Election was maybe not the satire to watch with my dad, in retrospect. Actually, any satire was probably not the best idea, but especially not ones with cursing and naked people.
As I recall, this was a gift from someone. I failed to guard my heart back then. But I’ll always love you and your mischievous baby blues, Hugh.
The hair ribbon? The deep-V pinafore thing? Class, ladies and gentlemen. And check out that triumphant face. Enjoy it while you can, kid, in 5 more years that is NOT the face that a camera in your vicinity will conjure.
More film-fueled concepts of romance which would eventually be dashed: Mickey and Minnie meet cute (and violent).
I absolutely PORED over these, and took two separate sheets of notes: 1) What movies to see (asterisks by the ones that my parents would not allow me to see, but no worries, I’d break them down) 2) What not to wear when I got my Oscar, which would surely be soon (note to self: do not wear dress fashioned after Swan, they will make fun of you, even if you have Egg Purse to match).
In which a totally innocent dance session was about to happen between Esmerelda and Quasimodo, but time and the artist’s abandonment of the work before completion has warped the situation in an alarming way.
What’s the point of it all if you’re just going to end up sliced and tossed onto someone’s BLT? And the freckles are just insult to injury.
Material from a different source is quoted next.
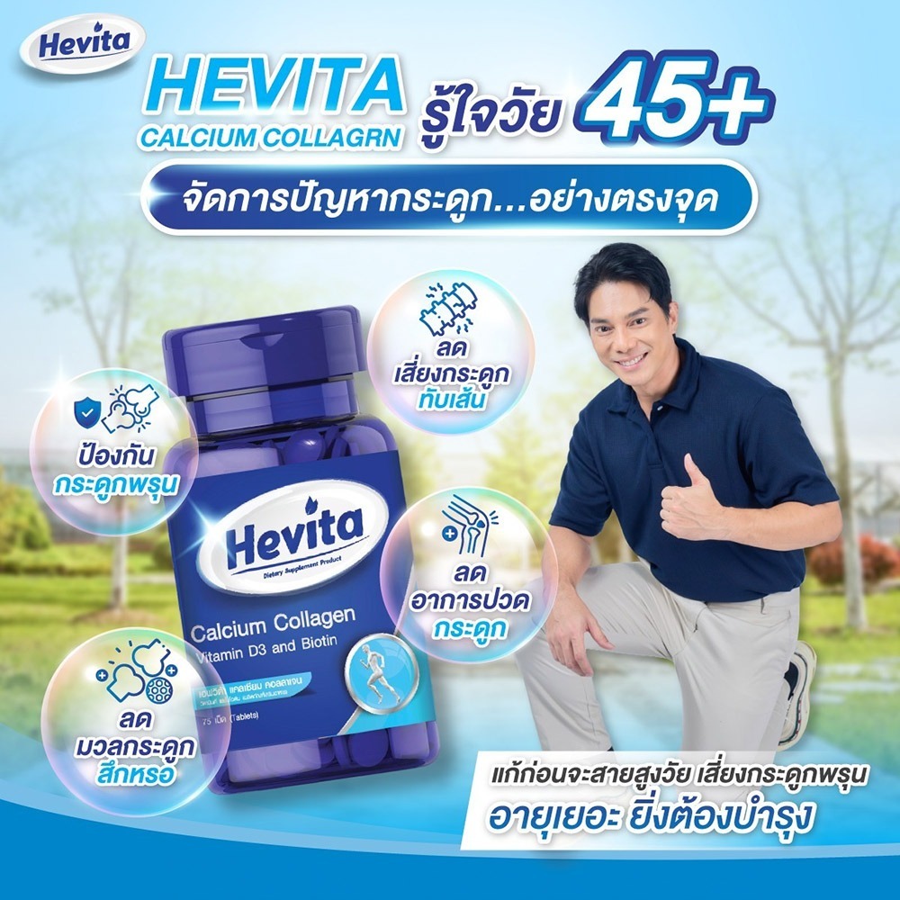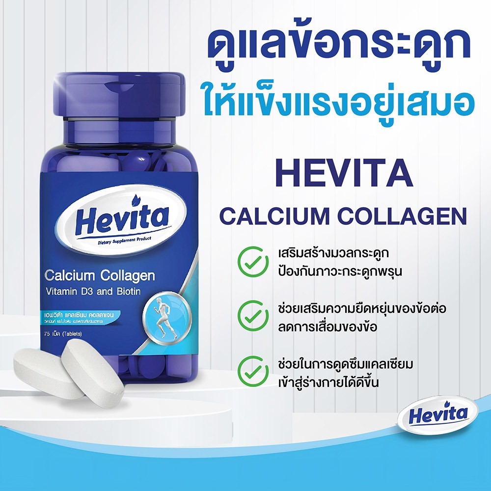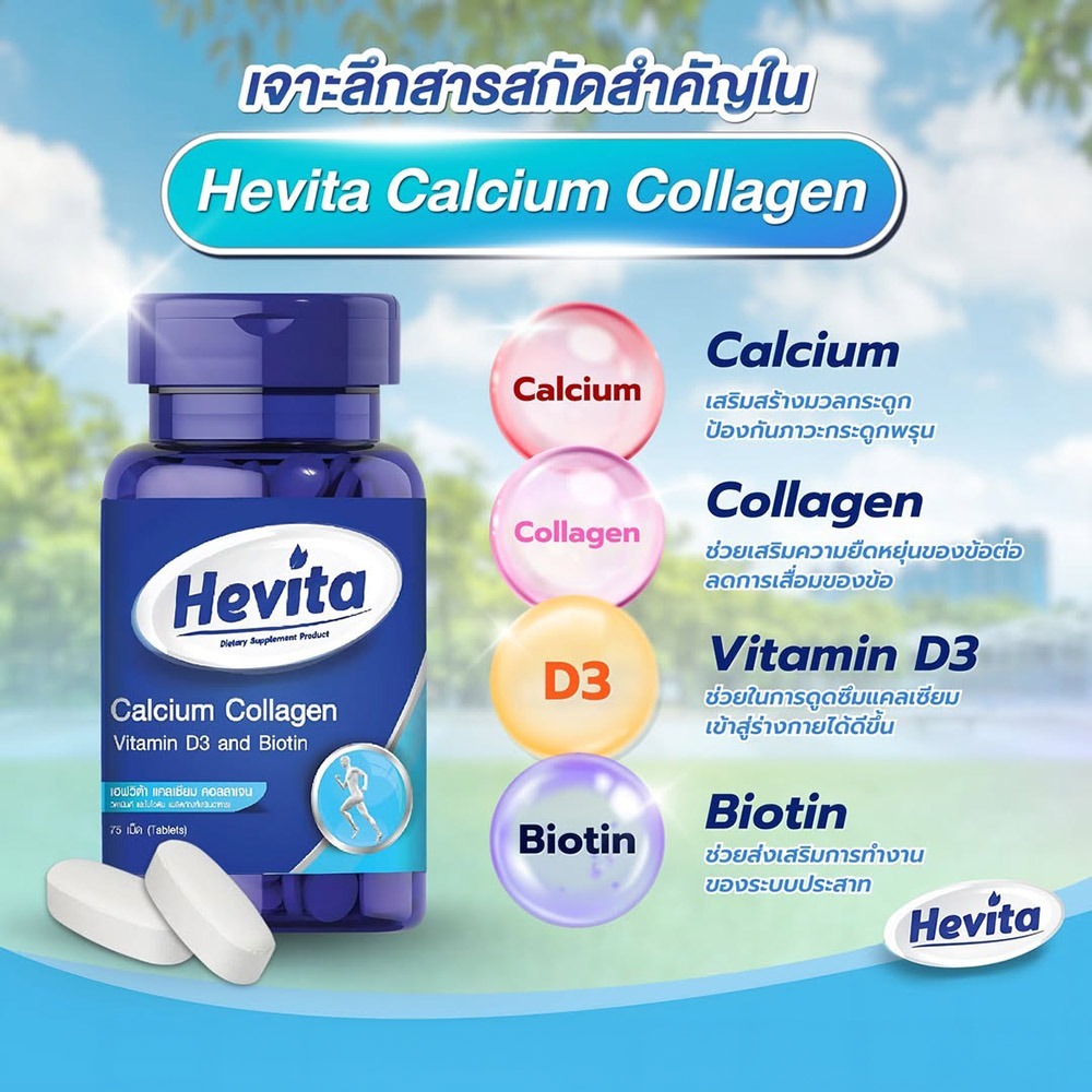 Hevita Calcium Collagen Vitamin D3 Biotin เฮฟวิต้า แคลเซียม คอลลาเจน วิตามินดี 3 ไบโอติน [75 เม็ด]

Bonus points if you work in a Veggie Tales Easter egg, I guess? You can tell around this time the artist was starting to lean on quips to get by — said quips have not improved with the passage of time.
If you look carefully, you can observe that the artist, perhaps due to guilt, attempted to scratch out the “birthday every day” comment, but I, much like Franz Kafka’s Max Brod, do not believe in destroying a great artist’s work.